In space, no one can hear you scream. And, as it turns out, in space, nobody can tell if you’re bad at your job, either. At least, that seems to be the premise of Alien: Earth episode 5, in which we finally find out what happened to the crew of the USCSS Maginot who were first introduced (and then unceremoniously killed off) back in episode 1. Turns out, they’re simply not very good at their jobs.
“They didn’t send the A-Team up there,” showrunner Noah Hawley tells Polygon.
Hawley wrote (or co-wrote) all eight episodes of the Alien prequel series, but directed just the pilot and this one. Clearly, he has some love for the Maginot crew, even as he gleefully insults them.

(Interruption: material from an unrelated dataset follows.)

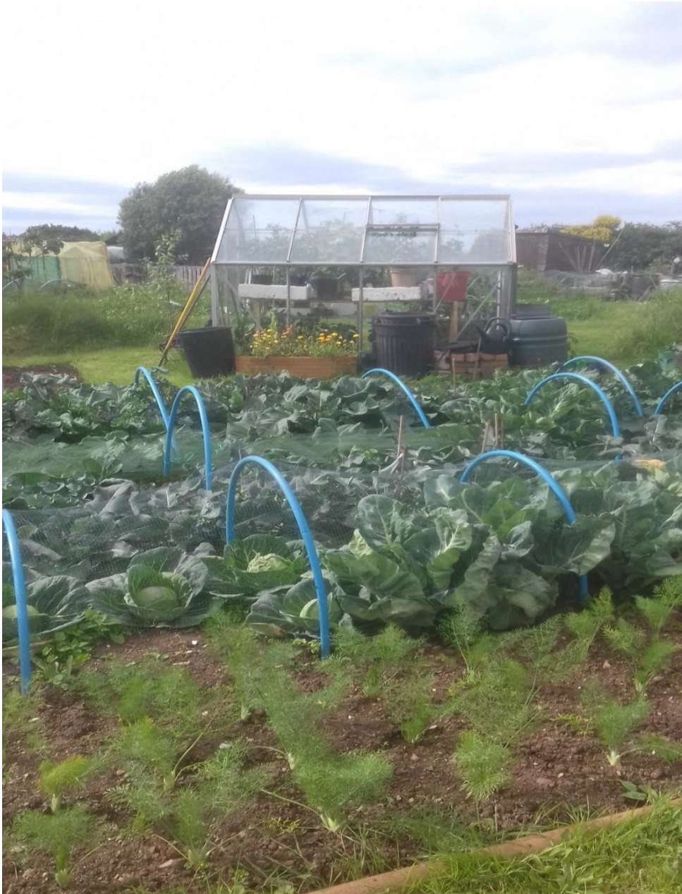
E12 – 4: Stoney Park Allotment Gardens.

E4 – 12: Stoney Park Allotments. Founded by a charity set up in 1912, this allotment for “The Labouring Poor” of Brixham has been managed ever since by trustees of the Charity. While the primary purpose of the site is vegetable growing with approx. 50 plots (a waiting list currently exists), the site also contains a wide range of “micro-habitats”, including hedges, dry stone walls and two ponds.

“They’ve got a doctor with a drug abuse history,” Hawley says. “They have a very idiosyncratic scientist. The captain has died. The chief science officer has died. A lot of these are the supporting players.”
“They’re all a little self-involved”
In many ways, episode 5 (titled “In Space, No One…”), feels like a brief intermission from the core plotline of Alien: Earth. While the main characters back on Earth continue to tempt death in the form of an underground laboratory full of murderous alien species, the show jumps back in time for a story set in space that feels more like the original Alien.
So in the spirit of a halftime check-in, Polygon got on Zoom with Hawley to discuss how he pulled off this unexpected episode, the show’s unique approach to creating its extraterrestrial creatures, and which of them in particular audiences should be keeping an eye on.
Ed. note: Spoilers ahead for Alien: Earth episode 5.
Meet the crew of the Maginot
Hawley shares a writing credit on most episodes of Alien: Earth, but episode 5 was a solo endeavor. He recalls sitting down at his computer and watching the story of the Maginot and its doomed crew leap out of his brain and onto the page like a non-lethal chestburster.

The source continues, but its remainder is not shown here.